Choi Yun Jung, Park Gun Min, Rho Jin Kyung, Kim Sun Ye, So Gwang Sup, Kim Hyeong Ryul, Choi Chang-Min, Lee Jae Cheol
Department of Pulmonary and Critical Care Medicine, Asan Medical Center, College of Medicine, University of Ulsan, Seoul, Korea.
PLoS One. 2013 Dec 5;8(12):e81393. doi: 10.1371/journal.pone.0081393. eCollection 2013.

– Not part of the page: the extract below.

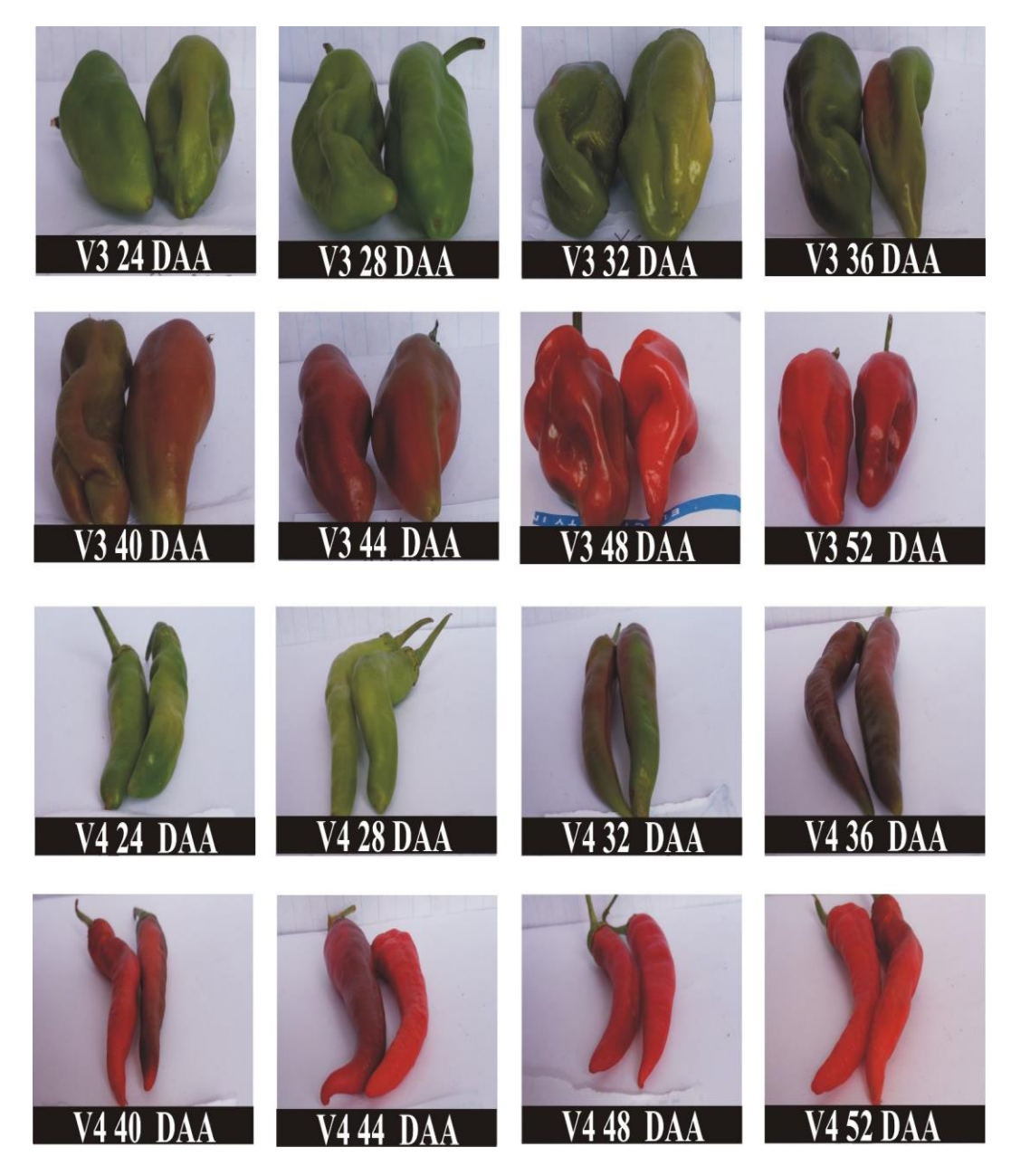
Plate 2: Changes in fruit colour with age in V3 and V4 accessions of pepper

Effect of fruit age on the seed quality of four pepper (Capsicum annuum L.) genotypes

Most patients treated with EGFR-tyrosine kinase inhibitors (EGFR-TKIs) eventually develop acquired resistance. Loss of expression of insulin-like growth factor (IGF)-binding protein-3 (IGFBP-3) has been suggested as a possible mechanism of resistance to EGFR-TKIs in the A431 and HN11 cell lines. Here, we investigated IGFBP-3 expression in two EGFR mutant lung cancer cell lines with resistance to EGFR-TKIs and examined the value of serum IGFBP-3 level as a marker of resistance. The effect of the induction or suppression of IGFBP-3 expression on resistance was also evaluated. HCC827 sublines with resistance to gefitinib (HCC827/GR) and erlotinib (HCC827/ER) were established. Loss of IGFBP-3 expression was detected by Western blotting in both cell lines without changes in transcriptional activity, and ELISA showed significantly lower amounts of secreted IGFBP-3 in the culture media of the mutant cell lines than in that of the parental line. Despite the loss of IGFBP-3 expression, IGFR signalling activity remained unchanged. Forced expression of IGFBP-3 by adenovirus-mediated transfection or recombinant IGFBP-3 slightly increased the growth-inhibitory and apoptotic effects of EGFR-TKIs, whereas suppression of IGFBP-3 did not affect sensitivity to EGFR-TKI. Serum IGFBP-3 levels measured by ELISA before and after the development of EGFR-TKI resistance in 20 patients showed no significant changes (1815.3±94.6 ng/mL before treatment vs. 1778.9±87.8 ng/mL after EGFR-TKI resistance). In summary, although IGFBP-3 downregulation is associated with the acquisition of resistance to EGFR-TKIs regardless of the mechanism, its effect on resistance was not significant, indicating that IGFBP-3 may not play an important role in resistance to EGFR-TKIs and serum IGFBP-3 level is not a reliable indicator of resistance.
大多数接受表皮生长因子受体酪氨酸激酶抑制剂(EGFR-TKIs)治疗的患者最终会产生获得性耐药。胰岛素样生长因子(IGF)结合蛋白-3(IGFBP-3)表达缺失被认为是A431和HN11细胞系中对EGFR-TKIs产生耐药的一种可能机制。在此,我们研究了两种对EGFR-TKIs耐药的EGFR突变肺癌细胞系中IGFBP-3的表达情况,并检测了血清IGFBP-3水平作为耐药标志物的价值。我们还评估了IGFBP-3表达的诱导或抑制对耐药性的影响。建立了对吉非替尼(HCC827/GR)和厄洛替尼(HCC827/ER)耐药的HCC827亚系。通过蛋白质免疫印迹法在两种细胞系中均检测到IGFBP-3表达缺失,且转录活性无变化,酶联免疫吸附测定(ELISA)显示突变细胞系培养基中分泌的IGFBP-3量显著低于亲代细胞系。尽管IGFBP-3表达缺失,但IGFR信号活性保持不变。通过腺病毒介导的转染或重组IGFBP-3强制表达IGFBP-3,可略微增强EGFR-TKIs的生长抑制和凋亡作用,而抑制IGFBP-3并不影响对EGFR-TKI的敏感性。对20例患者在出现EGFR-TKI耐药前后通过ELISA测定的血清IGFBP-3水平无显著变化(治疗前为1815.3±94.6 ng/mL,EGFR-TKI耐药后为1778.9±87.8 ng/mL)。总之,尽管无论机制如何,IGFBP-3下调均与对EGFR-TKIs获得性耐药相关,但其对耐药性的影响并不显著,这表明IGFBP-3可能在对EGFR-TKIs的耐药中不发挥重要作用,且血清IGFBP-3水平不是耐药的可靠指标。